4 - As perícias médico-legais e forenses solicitadas ao Instituto em que se verifique a necessidade de formação médica especializada noutros domínios e que não possam ser realizadas pelas delegações do Instituto ou pelos gabinetes médico-legais, por aí não existirem peritos com a formação requerida ou condições materiais para a sua realização, podem ser efectuadas, por indicação do Instituto, por serviço universitário ou de saúde público ou privado.
5 - Sempre que necessário, as perícias médico-legais e forenses de natureza laboratorial podem ser realizadas por entidades terceiras, públicas ou privadas, contratadas ou indicadas pelo Instituto.
6 - O disposto nos números anteriores é correspondentemente aplicável à perícia relativa a questões psiquiátricas, na qual podem participar também especialistas em psicologia e criminologia.
7 - A perícia psiquiátrica pode ser efectuada a requerimento do representante legal do arguido, do cônjuge não separado judicialmente de pessoas e bens ou da pessoa, de outro ou do mesmo sexo, que com o arguido viva em condições análogas às dos cônjuges, dos descendentes e adoptados, ascendentes e adoptantes, ou, na falta deles, dos irmãos e seus descendentes.
Artigo 160.º — (Perícia sobre a personalidade)
1 - Para efeito de avaliação da personalidade e da perigosidade do arguido pode haver lugar a perícia sobre as suas características psíquicas independentes de causas patológicas, bem como sobre o seu grau de socialização. A perícia pode relevar, nomeadamente para a decisão sobre a revogação da prisão preventiva, a culpa do agente e a determinação da sanção.
2 - A perícia deve ser deferida a serviços especializados, incluindo os serviços de reinserção social, ou, quando isso não for possível ou conveniente, a especialistas em criminologia, em psicologia, em sociologia ou em psiquiatria.

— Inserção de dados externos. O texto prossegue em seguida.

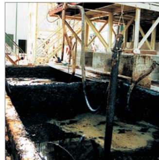
7. An S100 pump was installed to lift heavy viscous and contaminated material over 3m for transfer to a nearby separator plant.

3 - Os peritos podem requerer informações sobre os antecedentes criminais do arguido, se delas tiverem necessidade.
Artigo 161.º — (Destruição de objectos)
Se os peritos, para procederem à perícia, precisarem de destruir, alterar ou comprometer gravemente a integridade de qualquer objecto, pedem autorização para tal à entidade que tiver ordenado a perícia. Concedida a autorização, fica nos autos a descrição exacta do objecto e, sempre que possível, a sua fotografia; tratando-se de documento, fica a sua fotocópia, devidamente conferida.
Artigo 162.º — (Remuneração do perito)
1 - Sempre que a perícia for feita em estabelecimento ou por perito não oficial, a entidade que a tiver ordenado fixa a remuneração do perito em função de tabelas aprovadas pelo Ministério da Justiça ou, na sua falta, tendo em atenção os honorários correntemente pagos por serviços do género e do relevo dos que foram prestados.
2 - Em caso de substituição do perito, nos termos do artigo 153.º, n.º 3, pode a entidade competente determinar que não há lugar a remuneração para o substituído.